Fix \(\Gamma\) a pair of growth spaces of rank 2 and \(\mathcal{E}\) an error space of rank 2. Consider \((\mu,f)\) a distributional estimation problem and \(P: {{\{ 0, 1 \}^*}}\xrightarrow{\Gamma} {\mathbb{Q}}\) with bounded range. \(P\) is called an \(\mathcal{E}(\Gamma)\)-optimal predictor for \((\mu,f)\) when for any \(Q: {{\{ 0, 1 \}^*}}\xrightarrow{\Gamma} {\mathbb{Q}}\) there is \(\varepsilon \in \mathcal{E}\) s.t.

\[\label{eqn:op} \operatorname{E}_{\mu^k \times U^{\operatorname{r}_P(k,j)}}[(P^{kj} - f)^2] \leq \operatorname{E}_{\mu^k \times U^{\operatorname{r}_Q(k,j)}}[(Q^{kj} - f)^2] + \varepsilon(k,j)\]

Distributional decision problems are the special case when the range of \(f\) is \({\{0,1\}}\). In this special case, the outputs of an optimal predictors can be thought of as probabilities1.
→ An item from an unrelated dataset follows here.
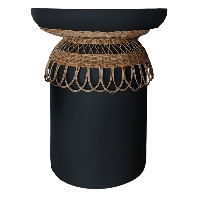 КРЪГЛА ПОМОЩНА МАСА PRILEP HM18159.01 ФИБРО ЦИМЕНТ В ЧЕРНО И РАТАН - Φ60X76.5HСМ.

  1. That said, \(P^{kj}(x,y)=1\) doesn’t imply \(f(x) = 1\) and \(P^{kj}(x,y)=0\) doesn’t imply \(f(x)=0\). We can try to fix this using a logarithmic error function instead of the squared norm, however this creates other difficulties and is outside the scope of the present work.